Image-2-copie-5.png L’abbé Patrick de La Rocque est né le 20 novembre 1968. Entré au séminaire d’Écône en 1986, il a été ordonné prêtre, comme son ami et camarade de promotion, l’abbé Régis de Cacqueray – aujourd’hui supérieur du district de France de la Fraternité Saint-Pie X – le 29 juin 1992 par l’évêque brésilien Licinio Rangel de la Fraternité Saint-Jean-Marie-Vianney de Campos.

Il débute son ministère comme professeur de philosophie à l’école Sainte-Marie avant de rejoindre en 1994 le collège Saint-Joseph des Carmes dans l’Aude, aux côtés du même abbé de Cacqueray. Il parfait ensuite ses qualités d’intellectuel en formant les aspirants au sacerdoce au séminaire de Flavigny à partir de 1996. En 2002, il retrouve un ministère paroissial en devenant prieur à Toulouse puis, depuis 2008, à Nantes.

Parallèlement à ses activités pastorales, il assure plusieurs tâches que lui confie le district de France de la Fraternité Saint-Pie X, en particulier la direction de la publication de La Lettre à nos frères prêtres qui tisse des liens avec le clergé français, ou encore, au cours de l’année 2006, la conception du DVD qui permet d’apprendre à célébrer la messe traditionnelle.

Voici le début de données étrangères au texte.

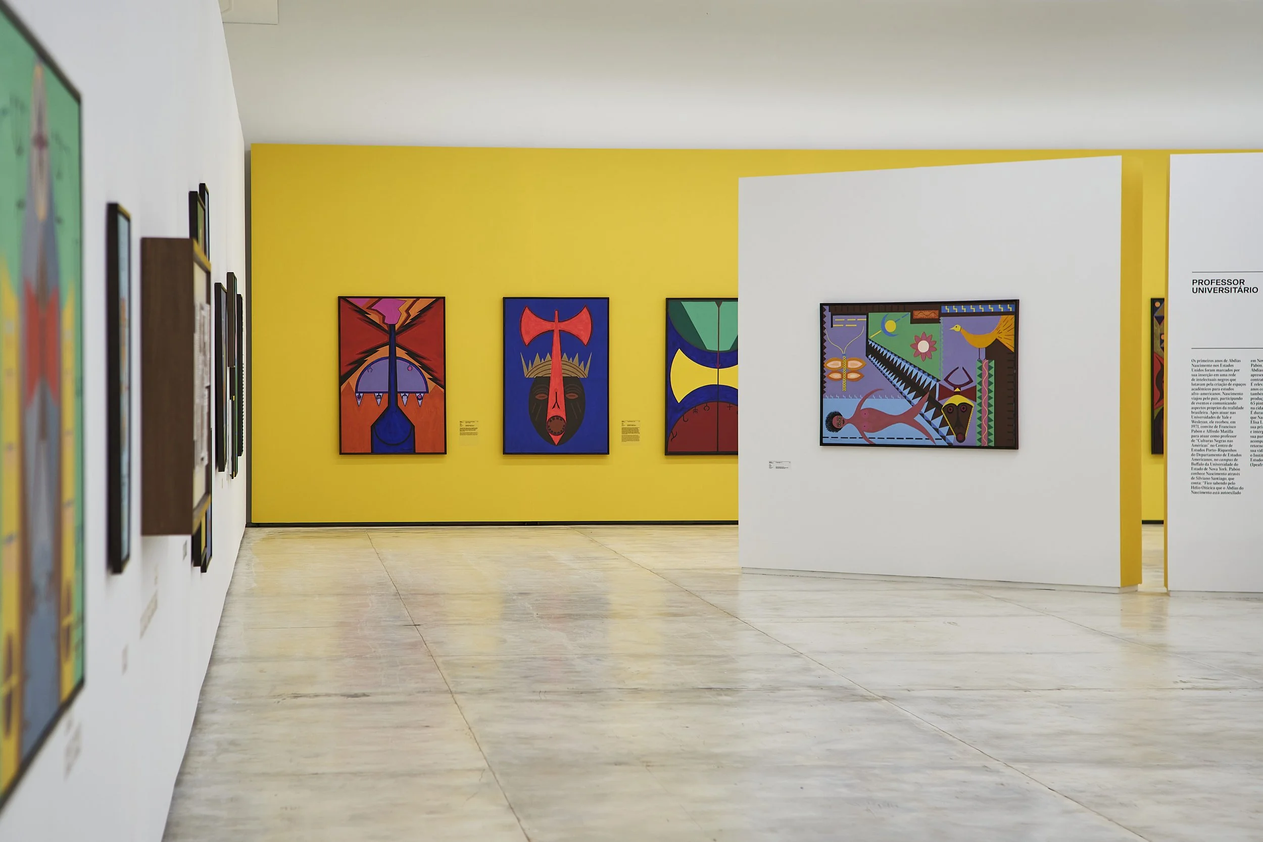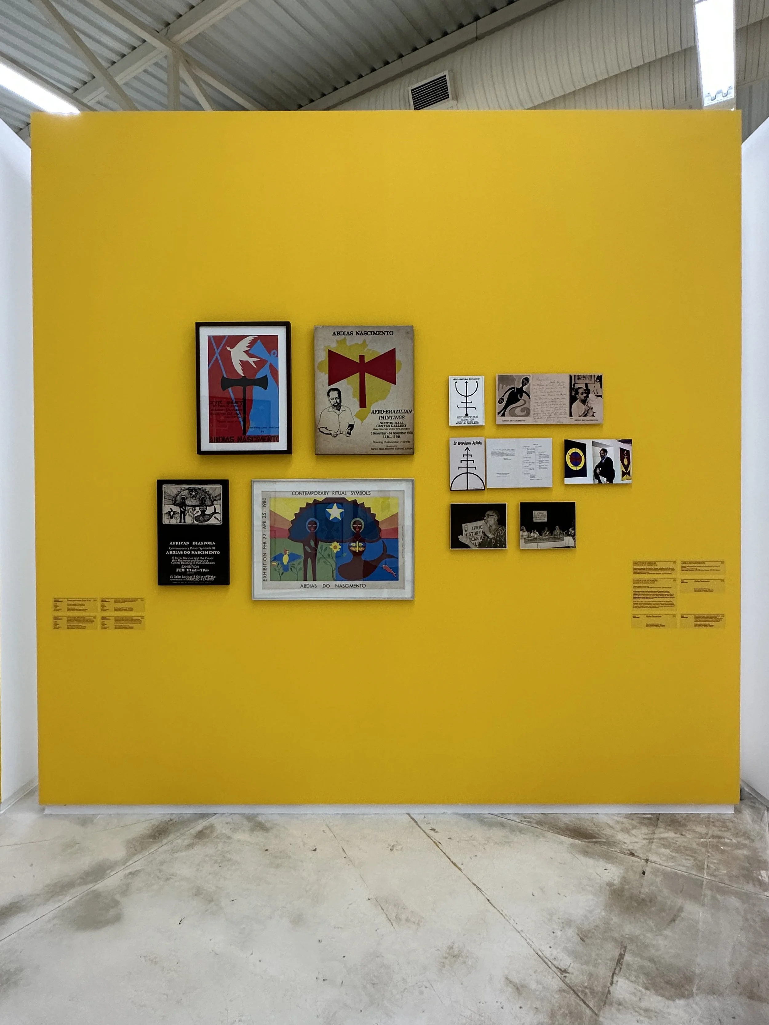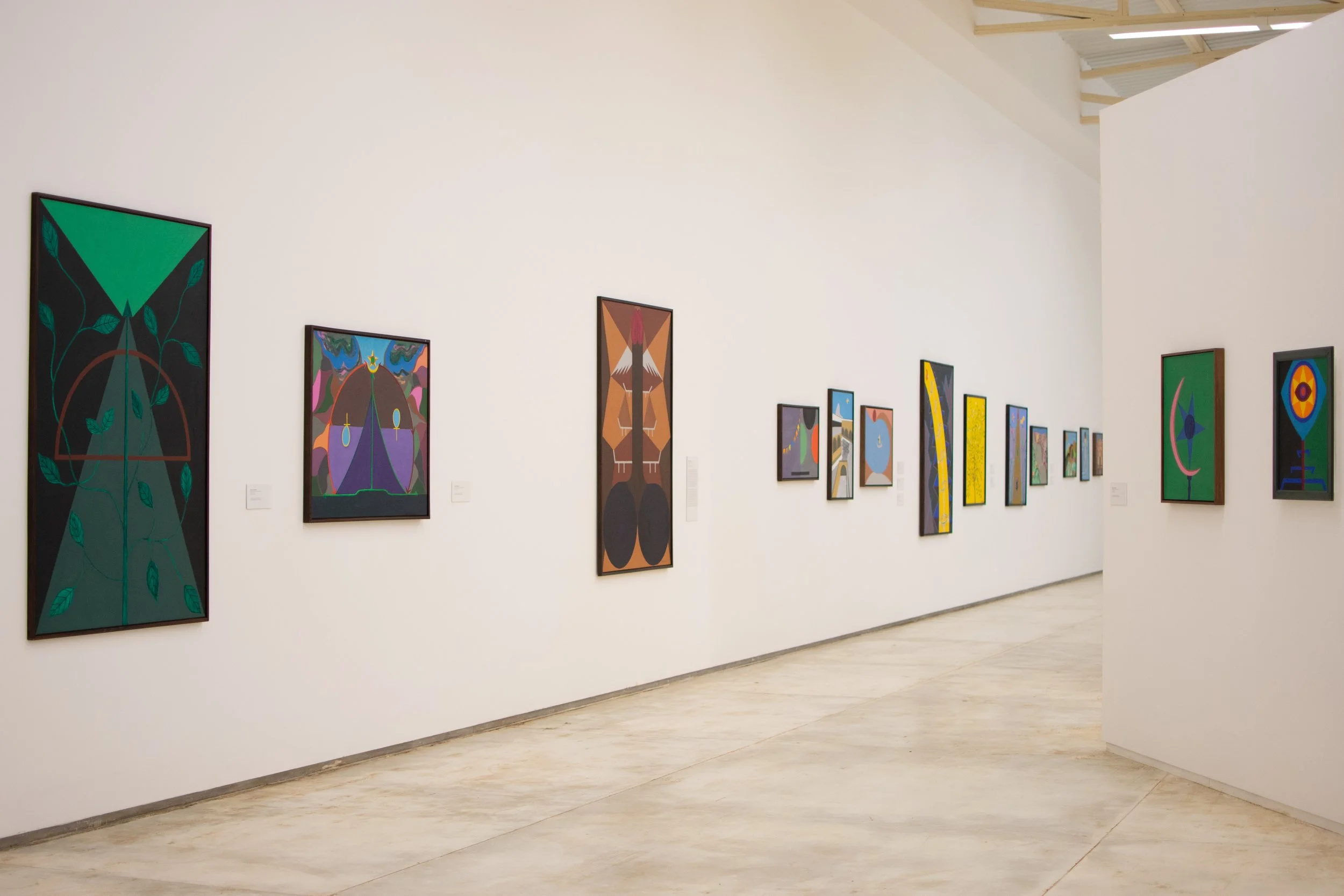 The exhibition design adopted as a principle the centrality of the Orishas in Nascimento’s work. Modular panels were designed and rearticulated for each act, inspired by sacred symbols: pontos riscados and the colors associated with the Orisha that governed the approach taken in each exhibit. Galeria Mata, which previously had been partitioned into rooms, was converted into a large hangar whose space was reconfigured for each exhibition.
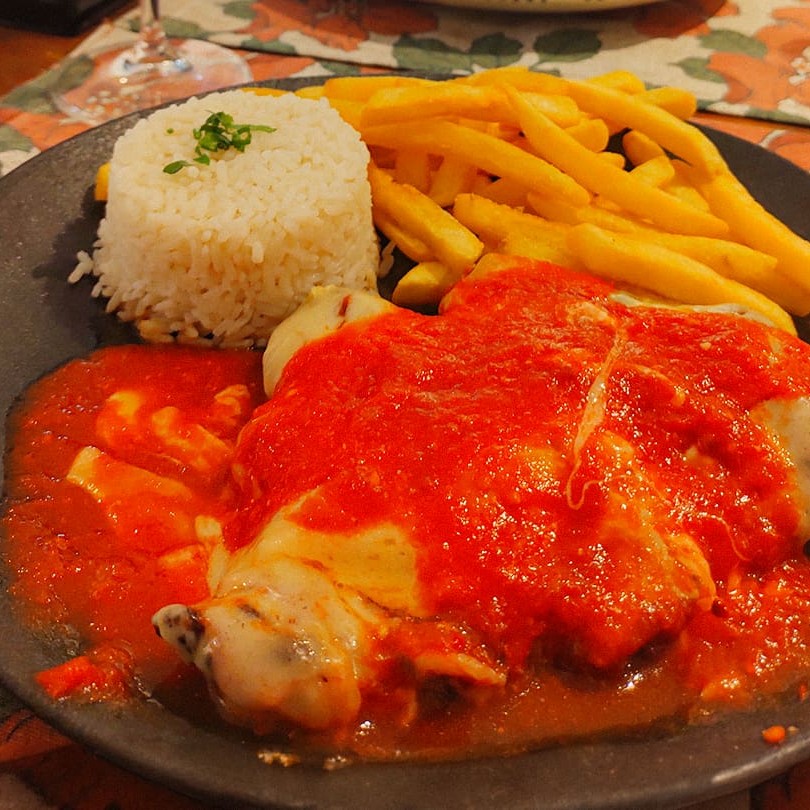Carne super macia, empanada, coberta com molho de tomates caseiros e mussarela. Acompanha arroz branco e fritas.
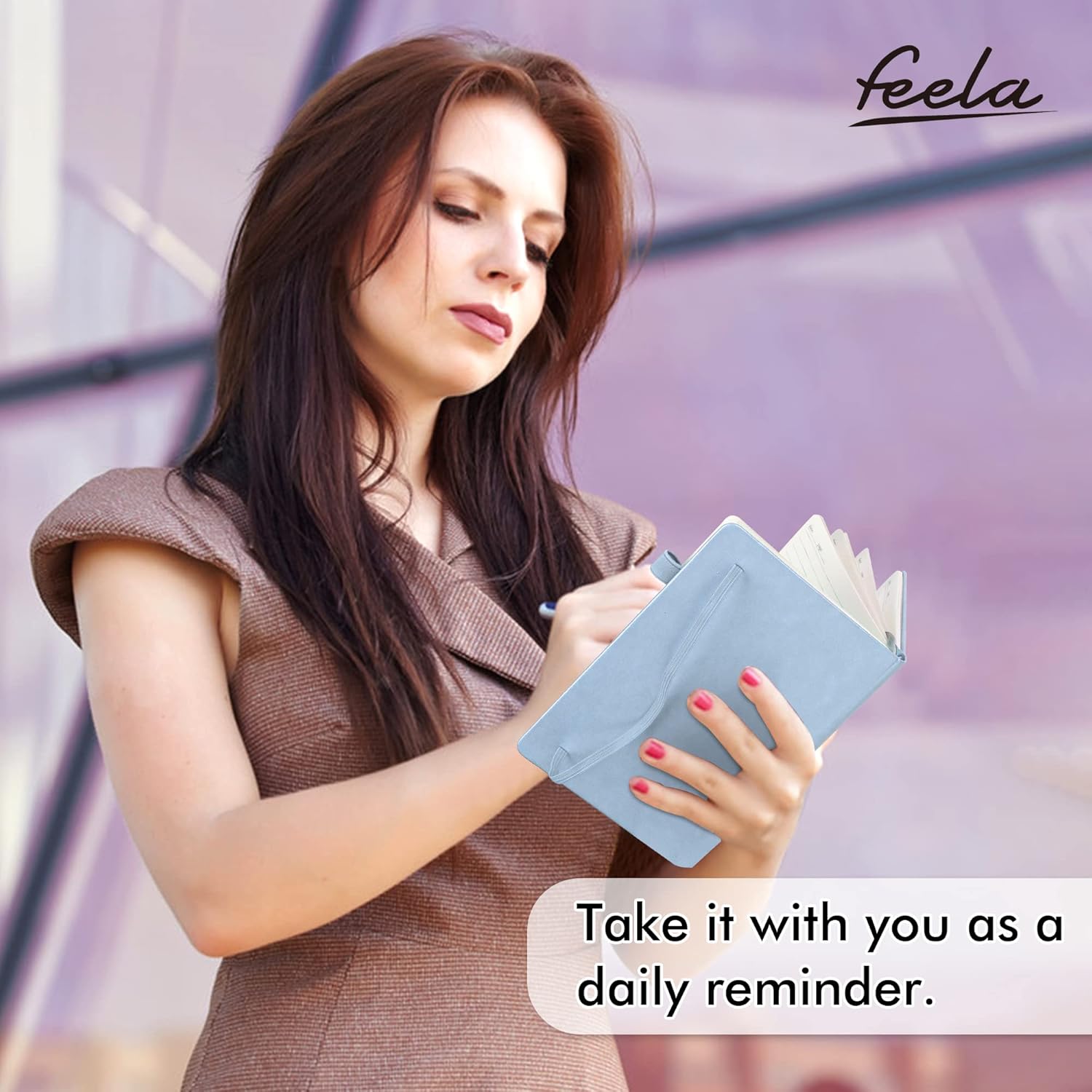 feela 5 Pack Notebooks Journals Bulk, Hardcover Notebook Classic Ruled Lined Journals with Pen Holder for Women Girls School Business Supplies, with 5 Black Pens, 120 GSM, 5.1”x8.3”, A5, Light Blue

D’une très grande productivité, ce théologien considéré par les médias comme le plus souple de l’équipe envoyée à Rome n’hésite pas à se retirer pour réfléchir durablement sur ses sujets. Il est en quelque sorte un contemplatif de la théologie de l’Église. Il a d’ailleurs travaillé à quelques synthèses publiées sous le nom de sa société religieuse comme De l'œcuménisme à l'apostasie silencieuse, vingt-cinq ans de pontificat en 2004, présenté à Rome par Mgr Fellay. Sur le site de La Porte latine, il a également publié, de manière récente, des comptes rendus sur le texte romain relatif aux limbes ou sur l’encyclique Spe Salvi.

Depuis plusieurs années, il a échangé des relations avec des prélats de la Curie sur les sujets épineux qui séparent le Saint-Siège et la Fraternité. Il a ainsi entretenu des contacts suivis avec le cardinal suisse Georges Cottier et le dominicain Charles Morerod, lequel est membre de la délégation romaine pour les discussions doctrinales avec la Fraternité Saint-Pie X.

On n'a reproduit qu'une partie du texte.